=== STORED DATA ===
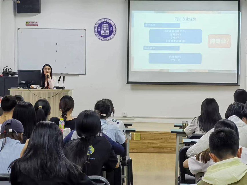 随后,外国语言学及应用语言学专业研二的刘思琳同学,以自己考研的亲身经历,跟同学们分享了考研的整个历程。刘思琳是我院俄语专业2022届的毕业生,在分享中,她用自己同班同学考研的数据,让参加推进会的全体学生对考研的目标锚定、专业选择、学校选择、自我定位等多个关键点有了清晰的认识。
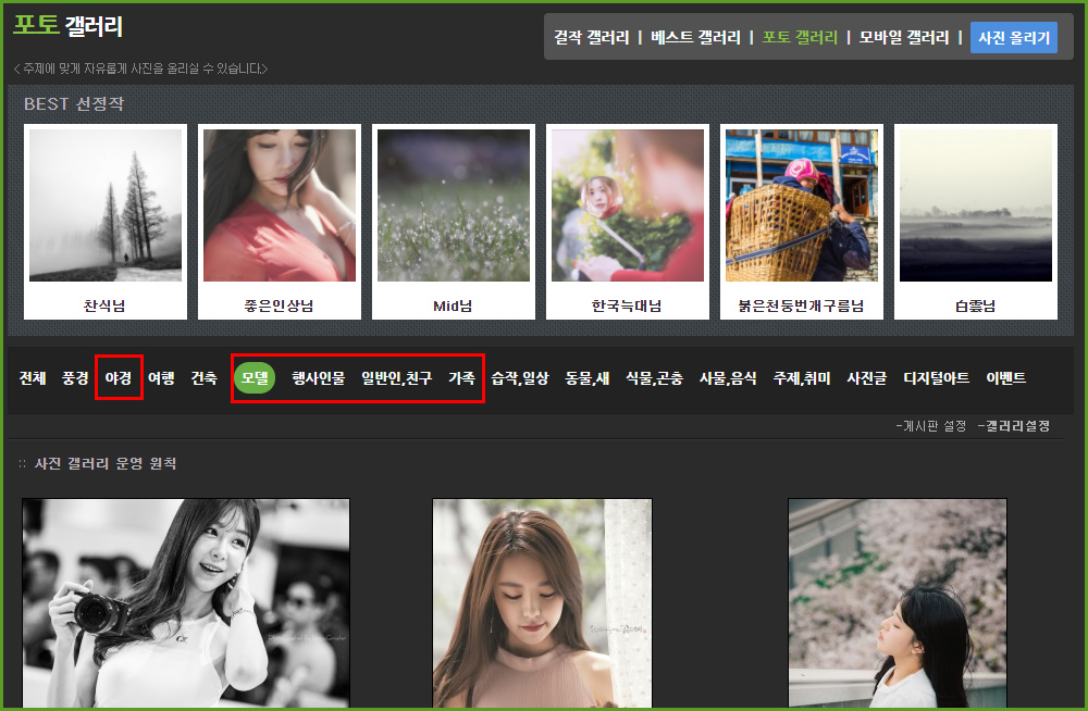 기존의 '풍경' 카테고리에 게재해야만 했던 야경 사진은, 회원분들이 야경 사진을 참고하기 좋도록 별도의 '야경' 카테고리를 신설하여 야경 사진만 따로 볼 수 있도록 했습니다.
===
=== STORED DATA ===
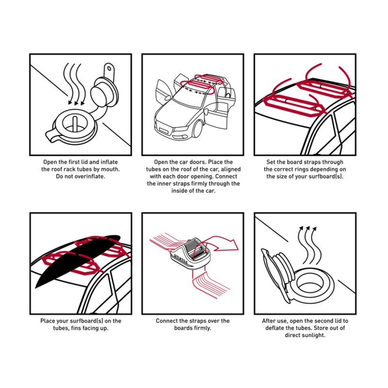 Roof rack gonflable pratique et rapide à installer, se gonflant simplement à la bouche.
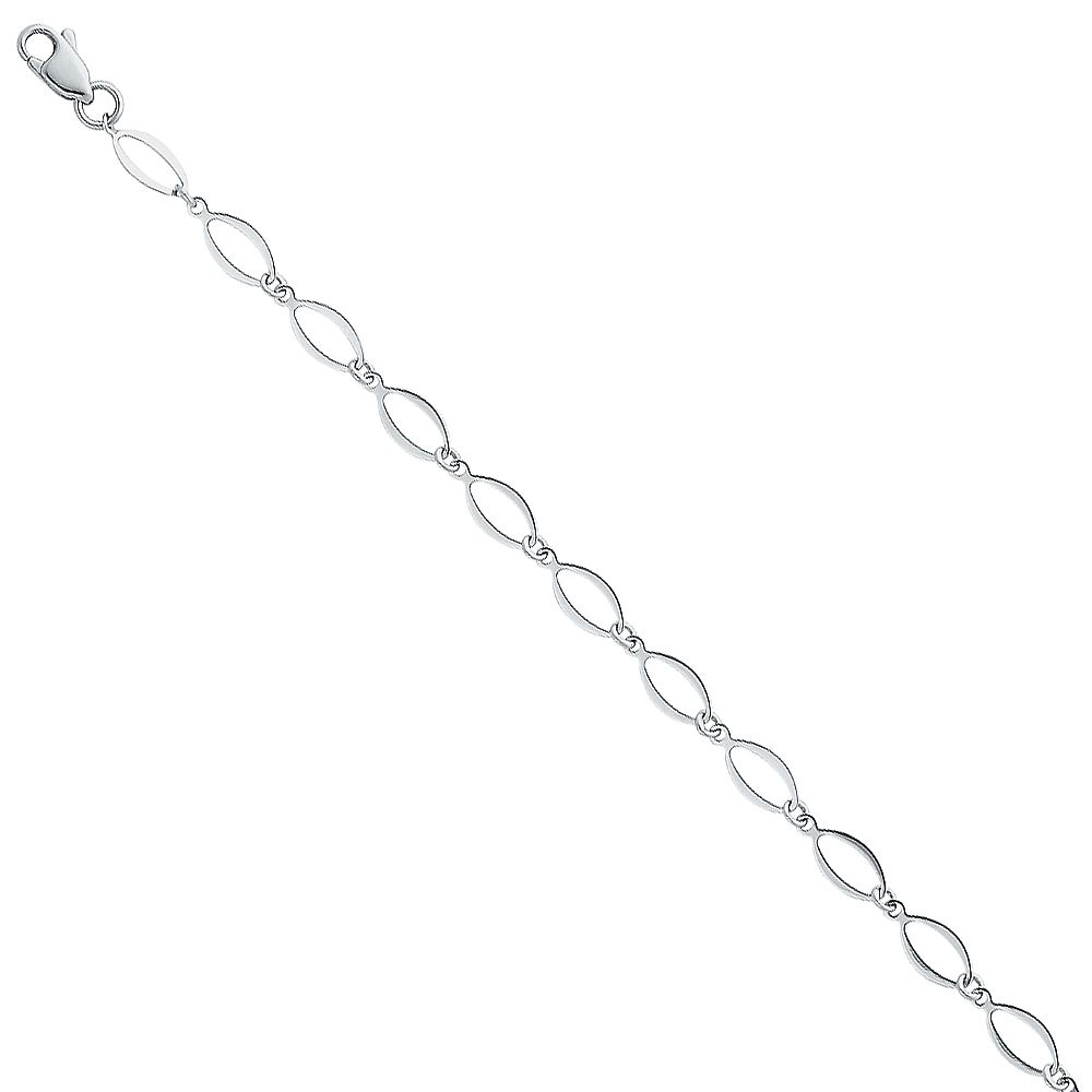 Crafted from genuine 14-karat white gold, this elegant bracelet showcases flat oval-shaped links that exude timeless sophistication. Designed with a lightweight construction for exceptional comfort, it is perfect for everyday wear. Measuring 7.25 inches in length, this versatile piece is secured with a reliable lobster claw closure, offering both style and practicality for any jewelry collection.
===
With pictures excluded, reproduce exactly the lines above from the one containing "随后,外国语言学及应用语言学" down to the one containing "기존의 '풍경' 카테고리에", those two included.

 随后,外国语言学及应用语言学专业研二的刘思琳同学,以自己考研的亲身经历,跟同学们分享了考研的整个历程。刘思琳是我院俄语专业2022届的毕业生,在分享中,她用自己同班同学考研的数据,让参加推进会的全体学生对考研的目标锚定、专业选择、学校选择、自我定位等多个关键点有了清晰的认识。
 기존의 '풍경' 카테고리에 게재해야만 했던 야경 사진은, 회원분들이 야경 사진을 참고하기 좋도록 별도의 '야경' 카테고리를 신설하여 야경 사진만 따로 볼 수 있도록 했습니다.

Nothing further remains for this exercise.